Houve um momento em que desejei não estar mais no clube por uma desavença com Yonagi, mas tudo acabou se resolvendo e ao retornar minhas atitudes com todos se alterou. Ainda tenho meus próprios objetivos, mas considerei aquilo como algo necessário a ser superado.

— Não acha que é muito egoísta querer que as coisas mudem sem que alguém não seja ferido?

— ...!

Ela me encarou surpresa, mas assentiu. Peguei algumas garrafas d’água e voltamos para onde as outras garotas estão. A apresentação de Chinatsu já se aproximava de seu fim.

***

A última atividade foram os jogos de futebol, da qual Takahashi e Inuzuka participaram com toda garra. Pelo que disseram, o fato de estarem competindo entre si se mostrou um grande desafio. Kazebayashi foi dito como o antigo capitão do time e liderou o time do grupo vermelho.

Apesar disso, o trabalho em equipe de Takahashi e Inuzuka havia melhorado exponencialmente depois do interescolar durante as férias de verão.

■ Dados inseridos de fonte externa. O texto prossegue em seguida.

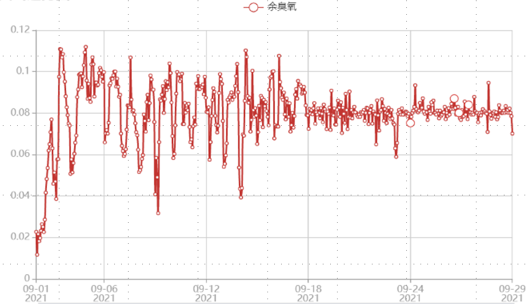 水廠可以在“流量控制法”的基礎(chǔ)上完善成“流量前饋+余臭氧反饋控制法”:流量前饋結(jié)合水中余臭氧反饋。這種控制方法在應(yīng)對水質(zhì)、流量變化時,可以更加科學(xué)經(jīng)濟(jì)穩(wěn)定地控制后臭氧的加注量。(圖4 某智慧化水廠后臭氧逐漸實現(xiàn)閉環(huán)控制后的數(shù)據(jù))

Mesmo que estivessem competindo entre si, todos mantiveram a empolgação e determinação.

Nesse jogo, porém, Gotou não participou e, além disso, Kumiko veio à torcida de Takahashi, que o motivou em 200%, marcando vários gols em auxílio de Inuzuka. O grupo branco conseguiu mais uma vitória nas atividades de grupo. Parece que Kazebayashi ficou aliviado de não ser mais o capitão do time titular, de certa forma.

Não vi muito do jogo com as outras garotas, pois recebi uma ligação e me ausentei. Me dirigi rapidamente ao vestiário do ginásio, da qual me deparei novamente com Gotou, acompanhado de Juugo. Os dois estão pairados sobre meu armário por alguma razão.

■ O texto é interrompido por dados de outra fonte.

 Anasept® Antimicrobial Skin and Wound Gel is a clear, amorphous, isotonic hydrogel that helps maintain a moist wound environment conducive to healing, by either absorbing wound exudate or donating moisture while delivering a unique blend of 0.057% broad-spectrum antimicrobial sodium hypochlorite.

— Imagino que devam ter confundido meu armário, certo? — indaguei. — Outro dia, algum idiota chutou a porta.

— Oh, que pena, não é? — sibilou Gotou, rindo. — Parece que há alguém estressado por aqui, Juugo.

— Bem, não me interessa... — intervi. — Não pretendo usar esse armário por muito tempo, já que não estou em nenhum clube esportivo. Mas imaginei que poderia pegar o culpado por ter feito isso se voltasse aqui novamente. Então, o que estão fazendo aí?

— Não temos nada a dizer pra você — retrucou Juugo. — Vamos para onde quisermos e ficamos onde quisermos. Simples assim.

— Exatamente, Shiroyama — debochou Gotou. — E por que está com tanta pressa de usar seu armário? Só estamos descansando por aqui.

Suspirei, e disse:

— Bem, se não me engano, você tinha uma namorada chamada Yunarashi, certo? Acabei de vê-la passando mal em uma barraca próxima e ela me pediu para chamá-lo com urgência...

— Yunarashi, é? — questionou Gotou. — Ela poderia ter me mandado uma mensagem...

— Duvido que estivesse com o celular, já que as roupas de torcida não têm bolsos... — dei de ombros. — Talvez seja melhor que você fosse lá dar uma olhada.

— Tsc! — Ele grunhiu e saiu do vestiário, mas Juugo permaneceu no lugar.

— Será que você pode se afastar agora?

— Já disse que fico onde quero. E daí que aqui é o seu armário?

— Por acaso está esperando que alguém venha? Pois essa pessoa não virá.

— O quê?

— Professores e corpos docentes estão ocupados demais com as atividades principais, e soube que alguns estudantes desmaiaram por causa do calor, principalmente garotas.

— Mas que...

— Se não acredita em mim, vi uma comoção no vestiário feminino. Parece que todos os professores de educação física foram pra lá.

— Mas que merda é essa?! — Ele correu e saiu do vestiário.

Aproveitei a chance limitada que tive e ao abrir o armário e tirar minhas coisas de lá, coloquei um cadeado. Em poucos instantes, Gotou e Juugo vão voltar para me confrontar, então rapidamente saí correndo dali e peguei outro caminho da barraca mais próxima. Contornei uma boa parte do perímetro da escola e recebi mais uma ligação.

— Eles te pegaram? — disse a voz.

— Não, mas foi por pouco. Já sabe o que deve fazer, certo?

— Não quero me envolver nesse assunto, está entendendo? — retrucou a voz.

— Não se preocupe. Só precisamos continuar com isso até o final do Festival Esportivo. Preciso desligar.

Terminando a ligação, fui até o bicicletário e dei uma desculpa dizendo que precisava ir no médico para ir embora.